The big winner of recent events has been the Nepal Army and Indian Government.
Much of the recent instability in Nepal lies an Indian change of course. New Delhi framed the peace deal and acted as its de facto guarantor, pressing all parties to comply with its terms. Never able to digest the Maoist victory and uncomfortable with popular demands for change, it has pursued increasingly interventionist tactics through proxies in Nepali political parties while continuing its policy of ring-fencing the army as the most reliable bastion against Maoist takeover or anarchy. Its resolute opposition to all but token People’s Liberation Army (PLA) integration has unbalanced the peace equation without offering any alternative.

Nepal’s peace process is in danger of collapse. The fall of the Maoist-led government, a mess largely of the India and Nepal army making, was a symptom of the deeper malaise underlying the political settlement. all moderate politicians still publicly insist that there is no alternative to pursuing the process, private talk of a return to war – led by generals of the Nepalese Army who have never reconciled themselves to peace – has grown louder.

That India’s position has been rather more assertive: ‘The reality is that South Block is up to its neck in the crisis’. ”When the Maoist leader said he would strive for political consensus before taking the drastic step of dismissing Gen.
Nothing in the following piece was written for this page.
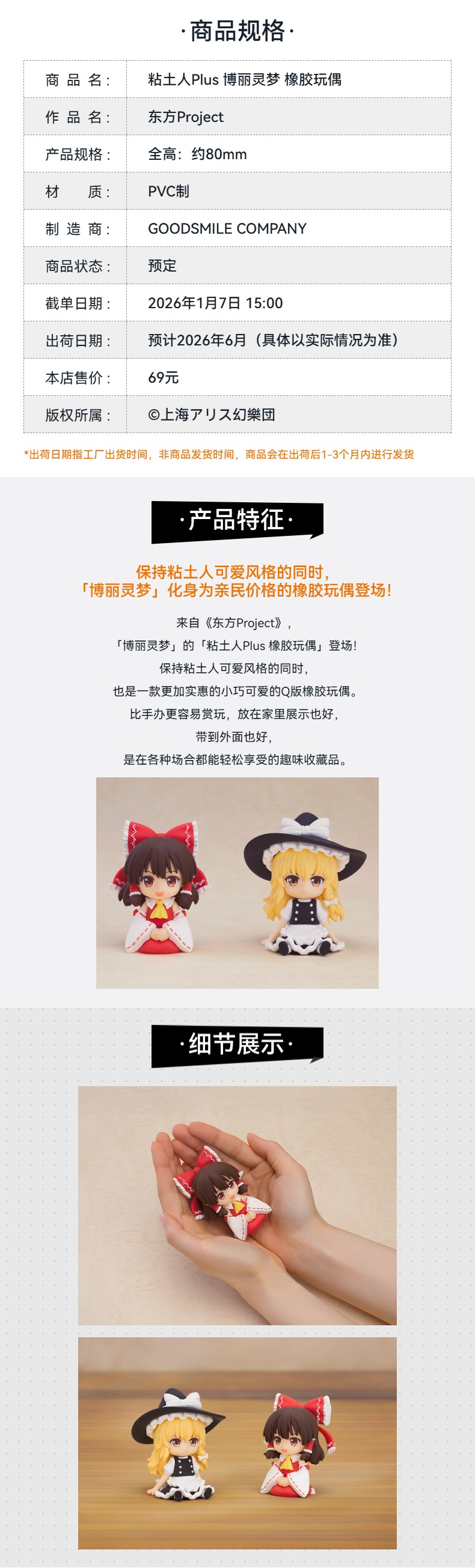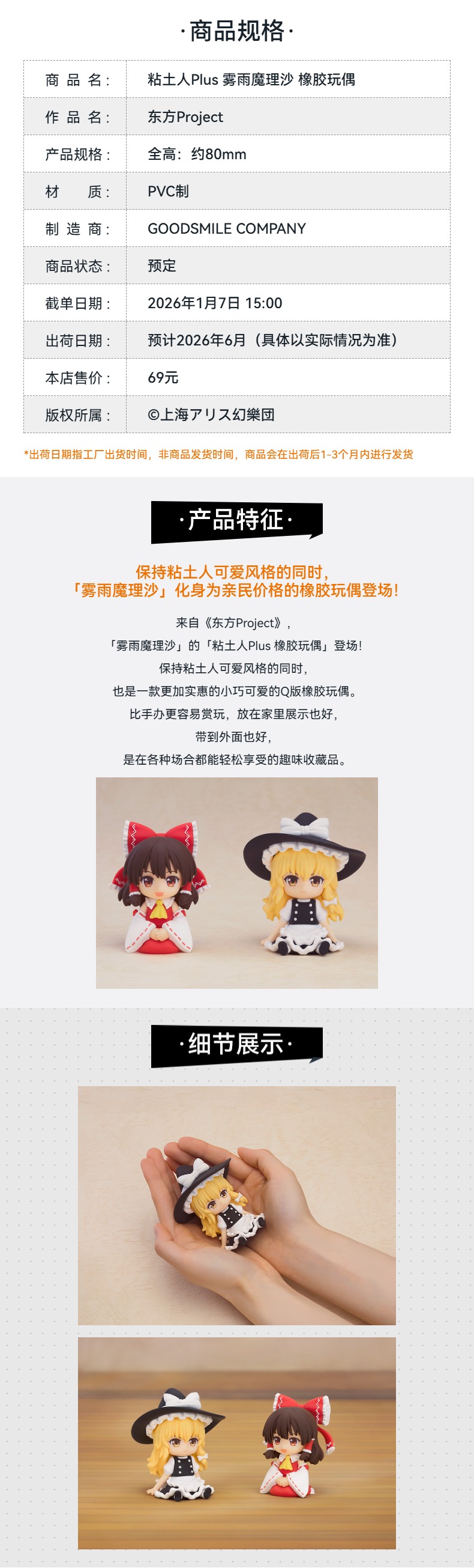 【GSC预售定金】粘土人Plus 博丽灵梦/雾雨魔理沙 橡胶玩偶 东方Project

Katuwal, New Delhi queered the pitch by sending clear signals to parties like the Unified Marxists-Leninists and the Nepali Congress that they should oppose the Maoists.

The end result: the Cabinet went ahead and exercised its prerogative to replace the army chief, while the Unified Marxist-Leninists walked out, thereby reducing Prachanda’s government to a minority.” Indian Ambassador to Nepal, Mr Rakesh Sood was a visible actor in the downfall of the government and the moves to ‘save’ the COAS when the government threatened his sacking.

India’s representative in Nepal has openly supported the Army on key elements of the peace process. On the issue of integration of the two armies the CPA is unclear and unresolved. Debate has fallen between two extremes: ‘that no Maoist combatants should be allowed to join the Nepalese Army (NA), or that all should be allowed to join – and in formed units rather than individually under the existing chain of command and regulations’

In these two extreme positions India has publicly taken the position of the Army. Ambassador Sood’s remarks are a matter of public record: “First of all, peace process implies the complete disarmament of the People’s Liberation Army (PLA). Second, it implies the integration of the PLA combatants into the Nepali society in a manner in which they become economically active members and are able to contribute to the political stability and economic development as Nepali nationals in Nepali society.

The idea that PLA integration is into the Army and rehabilitation is into the society, he said, are not in the peace agreement” Assertions of non-interference also sit uneasily with India’s consistent role in the Security Council with regard to Nepal. India has openly restricted UNMIN’s mandate from any political role.

The immediate cause of the Maoists’ departure from government on 4 May 2009 was their bungled attempt to dismiss the army chief. Maoist leader Prachanda quit on grounds of principle; the question of the balance of power between prime minister and president remains in dispute.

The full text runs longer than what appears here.